Now it is an instructive circumstance that, in recent years, a distinct and decided preference has been manifested both by the majority of critics and by the reading public for the poetry of Keats even over the poetry of the other two writers I have named in connection with him. In Byron, notwithstanding his rebellious tendency, notwithstanding the gloom that often overshadows his verse, notwithstanding his being one of the exponents of those exaggerated hopes and that exaggerated despondency of which I have spoken, there was a considerable fund of common sense and a good deal of manliness. He was a man of the world and could not help being so, in spite of his attitude of hostility to it. Moreover, in many of his poems, action plays a conspicuous part, and the general passions, interests, and politics of mankind are dealt with by him in a more or less practical spirit, and as though they concerned him likewise. Shelley, too, not unoften condescended to deal with the political, social, and religious polemics of his time, though he always did so in a passionate and utterly impracticable temper, and would necessarily leave on the mind of the reader, the conviction that everything in the world is amiss, and that the only possible remedy is the abolition of everything that had hitherto been regarded as an indispensable part of the foundation of human society. But Keats does not trouble himself about any of these things. He gives them the go-by, he ignores them, and only asks to be allowed to leave the world unseen, and with the nightingale, to fade away into the forest dim.


Fade far away, dissolve, and quite forget
What thou among the leaves hast never known,
The weariness, the fever, and the fret
Here, where men sit and hear each other groan;
Where palsy shakes a few, sad, last gray hairs,
Where youth grows pale, and spectre-thin, and dies;
Where but to think is to be full of sorrow
And leaden-eyed despairs;
Where beauty cannot keep her lustrous eyes,
Or new Love pine at them beyond to-morrow.


This is the voice, I say, which, during the last few years, has been preferred even to Shelley's, and very much preferred to Byron's. And why? You will perhaps say that Keats's workmanship is fascinatingly beautiful.

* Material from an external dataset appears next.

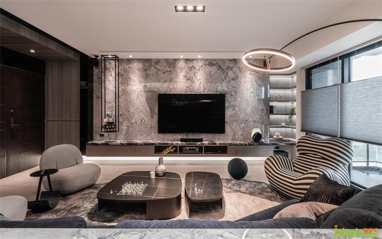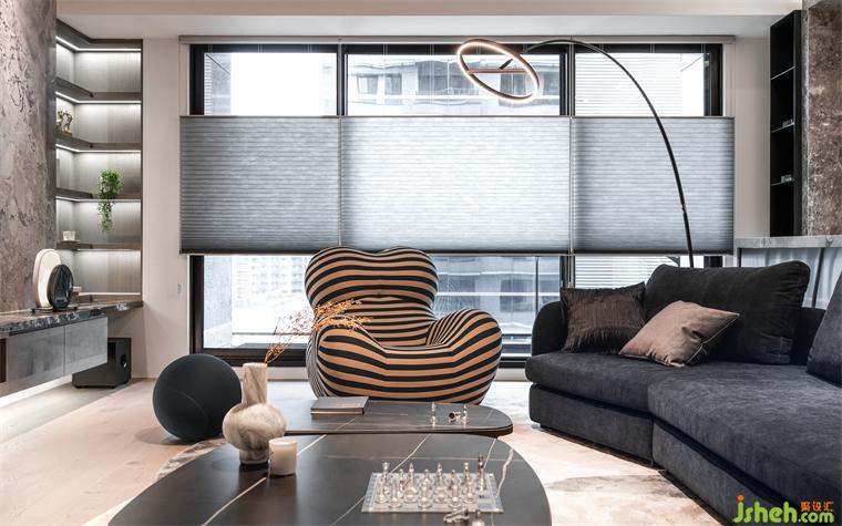 此案坐落于臺(tái)灣臺(tái)中市,復(fù)式設(shè)計(jì)將建筑環(huán)伺公園綠地的風(fēng)景轉(zhuǎn)載,成為使用材料、動(dòng)線安排、室內(nèi)設(shè)計(jì)的構(gòu)組元素。

In the passage I have cited, and in the entire poem from which it is taken, that unquestionably is so. But I trust I shall not give offence if I say that the number of my countrymen and countrywomen who lay stress on the artistic manner, whether in verse or prose, in which an opinion is expressed, compared with the number of those who value poetry or prose chiefly because it expresses the opinions they value and the sentiments they cherish, is very small. No, Keats is preferred because Keats turns aside from the world at large, and thinks and writes only of individual feeling. Hence he has been more welcomed by recent critics, and by recent readers of poetry. Indeed, certain critics have laboured to erect it into a dogma, indeed into an absolute literary and critical canon, that a poet who wishes to attain true distinction must turn his back on politics, on people, on society, on his country, on patriotism, on everything in fact save books--his own thoughts, his own feelings, and his own art. Because Byron did not do so they have dubbed him a Philistine; and because Pope did precisely the reverse, and the reverse, no doubt, overmuch, they assert that he was not a poet at all.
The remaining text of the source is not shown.